Process Intensification of CO₂ Absorption with MEA in a Rotating Packed Bed: Experimental Evaluation and Analysis

The emission of carbon dioxide (CO₂) from industrial sources, particularly power plants, remains one of the leading contributors to global climate change. While conventional post-combustion CO₂ capture technologies are effective, they are often limited by high energy consumption and large equipment size. Rotating Packed Bed (RPB) technology offers a promising solution through process intensification and improved mass transfer. This study presents an experimental investigation of a laboratory-scale RPB absorber designed for CO₂ capture using aqueous monoethanolamine (MEA) solutions. The effects of rotor speed, MEA concentration, and liquid-to-gas (L/G) ratio on CO₂ capture efficiency and the overall volumetric gas-phase mass transfer coefficient \(\:\left({K}_{{G}^{a}}\right)\) were systematically examined.
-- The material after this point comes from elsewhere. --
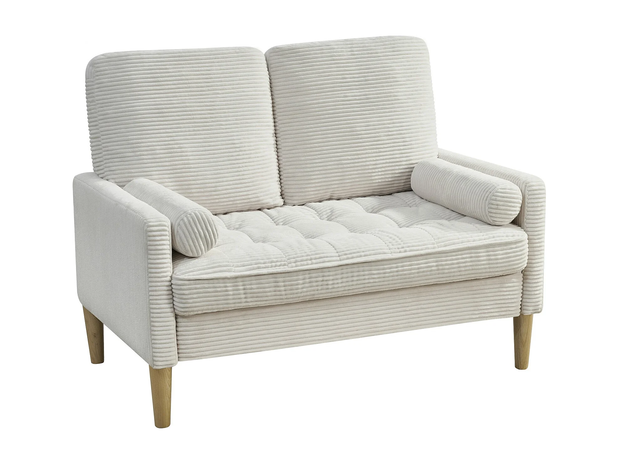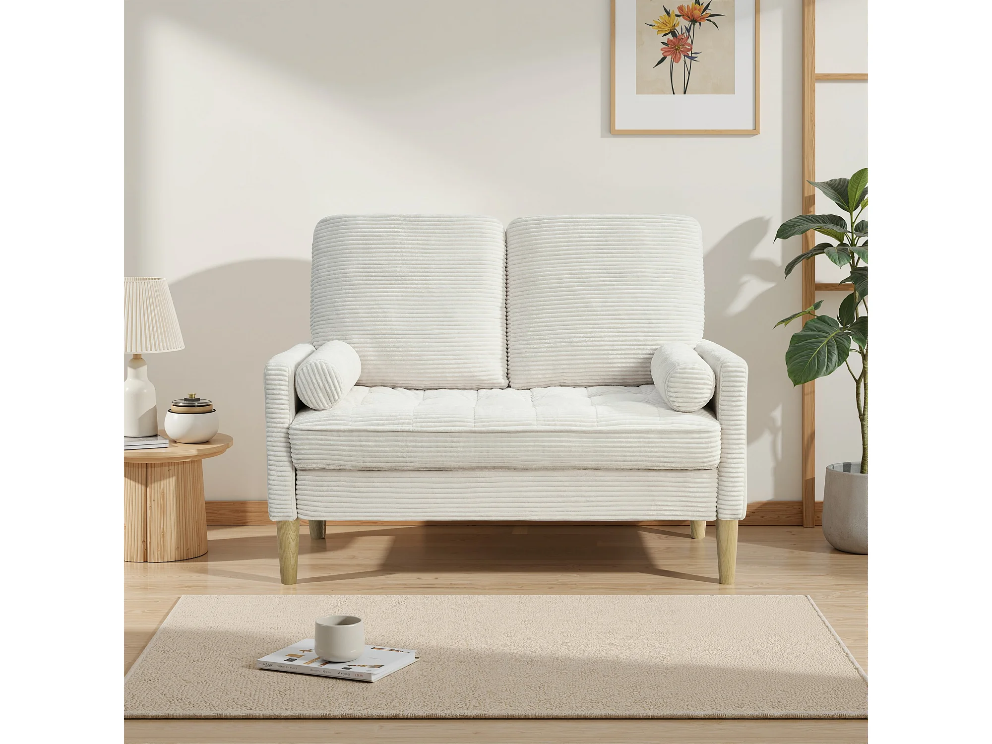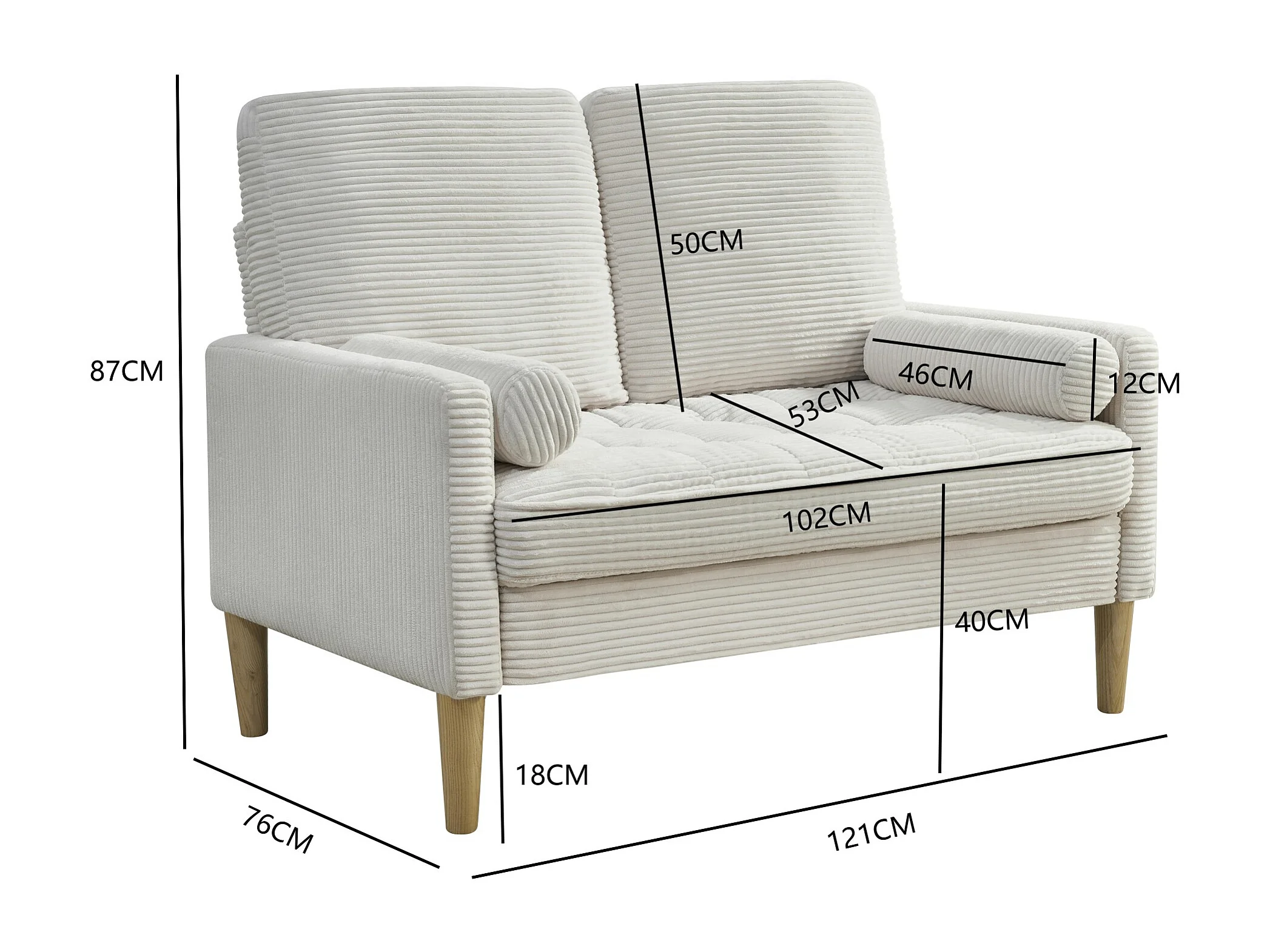 Sofá de dos plazas en pana, estilo nórdico, sofá tapizado con cojines mullidos, beige

The results showed that increasing rotor speed significantly improved both CO₂ capture efficiency and KGa due to enhanced centrifugal acceleration and better gas–liquid contact. Higher MEA concentrations led to improved capture performance, attributed to increased reaction kinetics, while elevated L/G ratios further enhanced absorption efficiency and reduced the Height of Transfer Unit (HTU). The findings confirm the suitability of RPB technology for efficient and compact CO₂ absorption systems, with strong potential for industrial applications.